A terra indígena Vale do Javari está localizada no extremo oeste do estado do Amazonas e tem fronteira com o Peru, ao fim de uma área de 8,5 milhões de hectares. É a segunda maior terra indígena demarcada do Brasil, atrás apenas da região dos Yanomami, que possui 9,6 milhões de hectares de extensão.

“Quando infratores saiam da terra indígena numa embarcação, foram percebidos pela guarita da base. Ao serem flagrados e iluminados no rio Ituí, começaram a atirar contra a guarita”, afirma o indígena Beto Marubo, da União dos Povos Indígenas do Vale do Javari (Univaja).

A base atacada fica na foz do rio Ituí, mais precisamente quando ele desemboca em outro rio, o Itaquaí, no extremo oeste do Amazonas. Nessa rica bacia hidrográfica, o Itaquai é afluente do rio Javari, que por sua vez deságua no rio Solimões.

Servidores da Funai consideram a base de Ituí como fundamental para a proteção da terra indígena do Vale do Javari, que concentra o maior número de povos indígenas isolados do mundo.
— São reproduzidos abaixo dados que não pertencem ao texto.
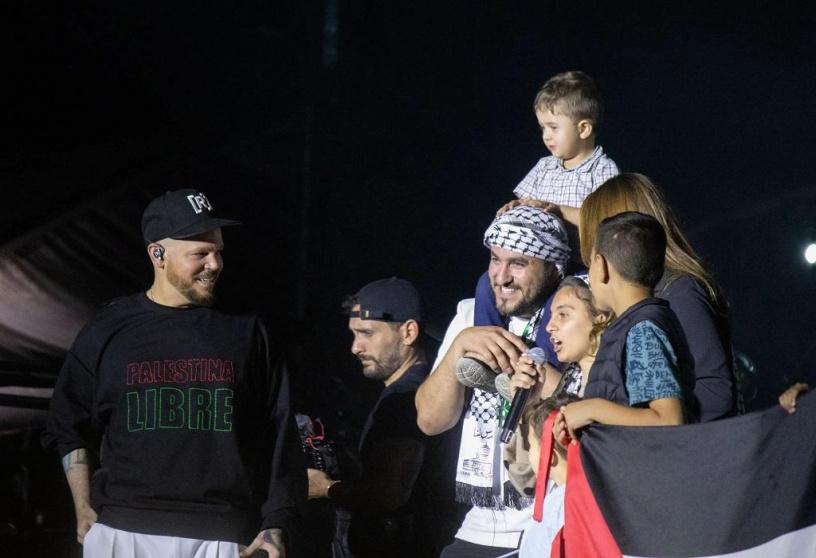 وارتدى ريزيدينتي قميصا كُتب عليه بالإسبانية "فلسطين حرة"، وأوقف أداءه ليدعو إلى المسرح خمسة أطفال من عائلة عابد، الذين وصلوا مؤخرا إلى المكسيك كلاجئين من غزة، إلى جانب سفيرة فلسطين نادية رشيد. رفع الأطفال العلم الفلسطيني، وأخذت الطفلة ألما عابد الميكروفون لتصرخ بقوة: "أوقفوا الإبادة الجماعية! عاشت فلسطين! الحرية لفلسطين!"، فرددت الحشود كلماتها في مشهد مؤثر غمر الساحة.

Dos 28 registros confirmados de índios isolados no país, 10 deles estão no Vale do Javari. Por isso, a base é definida por especialistas como a mais importante de índios isolados do Brasil. É também a maior delas e das mais antigas.

blog entrou em contato com a Funai na manhã deste sábado (2). A fundação afirmou que recebeu informações de que sua base de proteção ambiental no rio Ituí foi novamente atacada e que está trabalhando na apuração do caso.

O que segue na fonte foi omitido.